CS Protein (Circumsporozoite Protein)

  • Located on the sporozoite, which invades the liver stages.

  • Key Researchers: Joe Cohen (GlaxoSmithKline) and Lip Bru (Walter Reed Army Institute).

  • Large protein with N, A, and P (asparagine, alanine, and proline) repeats.

  • Research has identified a particularly immunogenic area of the protein.

    • RTSS: Is a subunit of the CS protein attached to a virus-like particle, used for injection.

RTSS Vaccine Development Timeline

  • 1984: Walter Reed Army Institute and GlaxoSmithKline collaboration began.

  • 1995: First clinical trials started.

  • 1998: First trials in Africa.

  • 2004: Key proof of concept studies in children in Mozambique.

  • Phase 3 study started (large trial to test vaccine efficacy).

  • Phase 3 results with booster dose obtained.

  • Vaccine approved (timeline from 1984 to 2015/2016).

  • This long timeline is typical for vaccines against diseases not common in developed countries.

  • Significant funding from the Bill and Melinda Gates malaria vaccine initiative.

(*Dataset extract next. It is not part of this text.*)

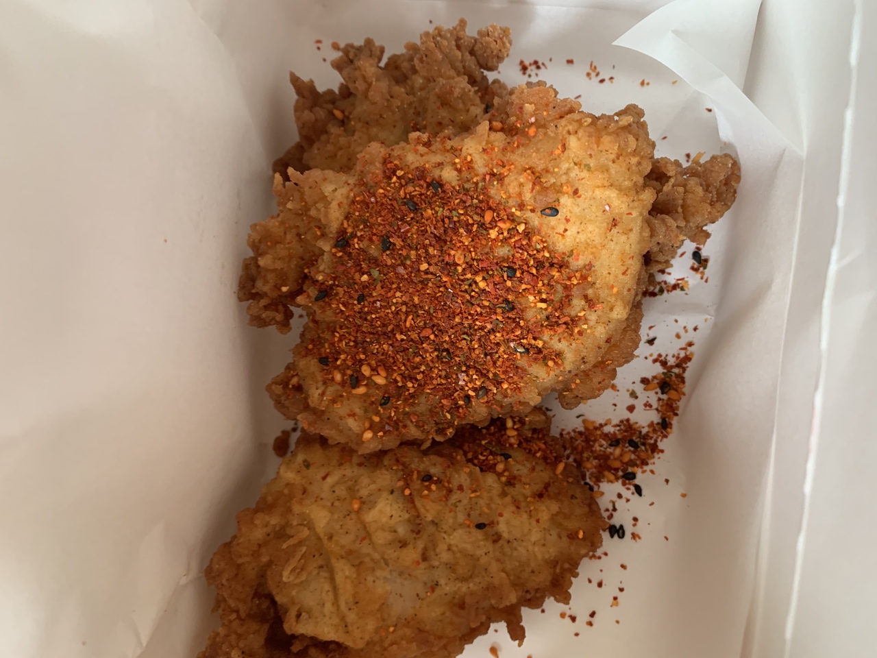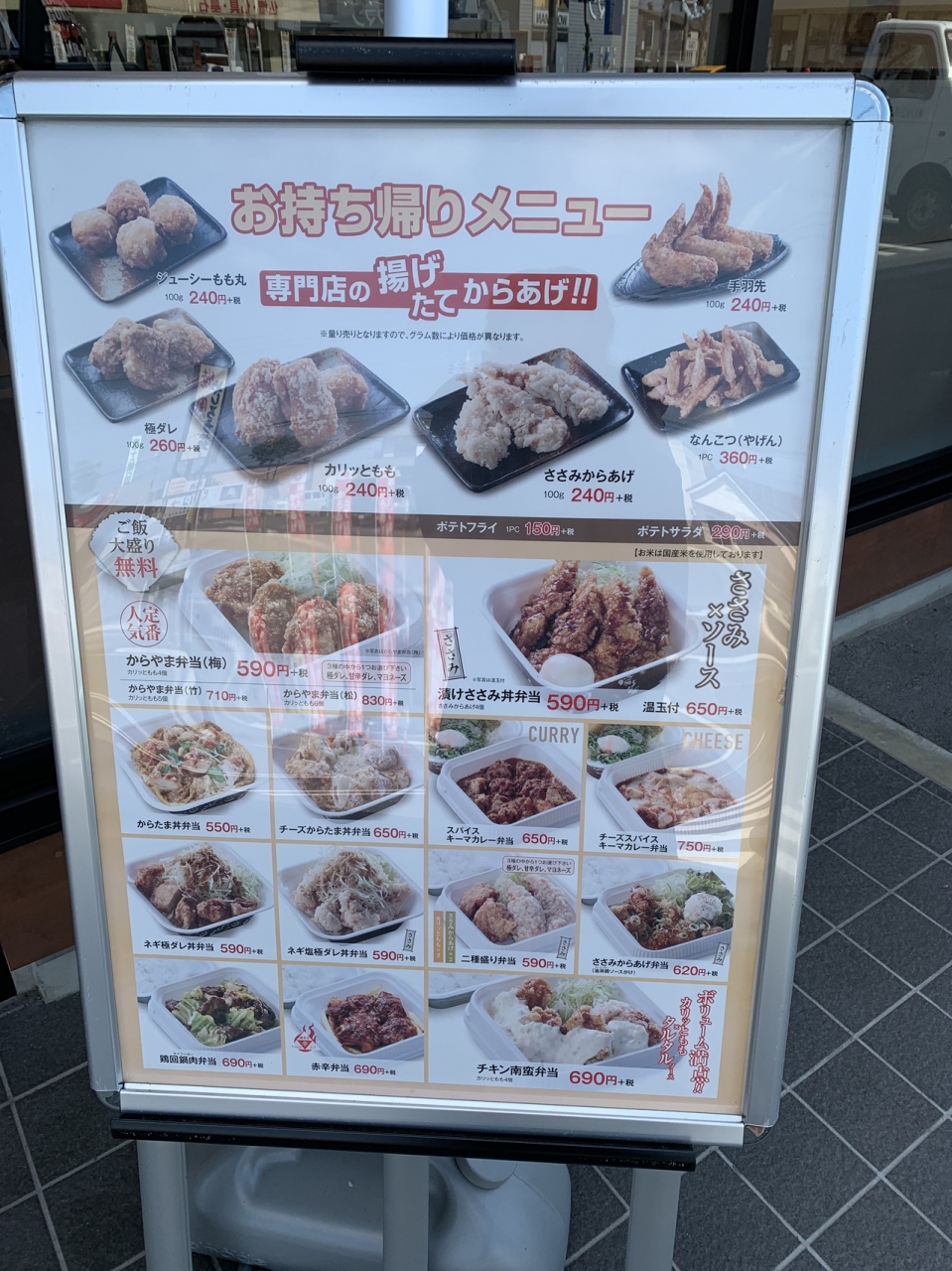 唐揚げの専門店が出来たので行ってみました。メニューはカレーまであって店内で楽しめそうです。鶏肉だけでは飽きちゃうでしょう。でもテイクアウトの人が多いですね。電話予約していなかったので待たされましたが熱々のカラッと揚がった唐揚げが食べられました。

  • Compared to COVID-19 vaccine development (remarkably short timeline).

RTSS Vaccine Efficacy

  • Successful but with room for improvement.

  • Infants: 27% vaccine effectiveness.

  • 30% vaccine effectiveness against clinical malaria at 20 months, declining over time.

  • No efficacy against severe malaria (cerebral malaria).

  • Children: 45% vaccine effectiveness.

  • Booster dose increased vaccine effectiveness to 36% at 20 months.

  • No efficacy against severe malaria.

  • Better than no vaccine, particularly in endemic areas, but needs improvement.

Malaria Vaccine Implementation Programme (MVIP)

  • Established by the WHO to deliver the Muscuics vaccine to those in need.

  • Monitoring and evaluation of mortality and continuing safety issues.

AME1 (Apical Membrane Antigen 1)

  • Protein on merozoite stages, secreted onto the surface.

  • Helps merozoites enter red blood cells.

  • Malaria parasite hides from the immune response (antibodies and T cells cannot see the parasite inside red blood cells).

  • Clinical trials in Mali showed disappointing vaccine efficacy (17% against all strains, 64% against 3D7 strains).

  • AMA1 used in the vaccine was 3D7 AMA1 which is a drawback due to polymorphism.

  • Polymorphism: Different strains of malaria parasites have different sequences of AME1, allowing them to evade the immune response.

Addressing AMA1 Polymorphism

  • Funded by the Bill and Melinda Gates Foundation.

  • Collaboration between La Trobe University, the Burnet Institute, and the Walter Reed Army Institute.

  • Used crystal structure data.

  • Identified a conserved hydrophobic pocket crucial for binding and entering red blood cells.

  • Amino acids surrounding this loop are highly variable.

  • Injected molecule into animals, the antibodies seem to be around this area.

  • Mutated these amino acids to alanine to de-immunize the region and focus the immune response on more important regions.

  • Patent taken out, papers published.

  • Licensed to the Walter Reed Army Institute.

Antibody Binding

  • Crystal structure shows antibody binding to AME1 protein.

  • Single domains (chunks of antibodies) derived from sharks.

  • Shark antibody binds to AMA1 green pocket.

  • May be useful for passive immunity.

  • Further discussion in the next lecture.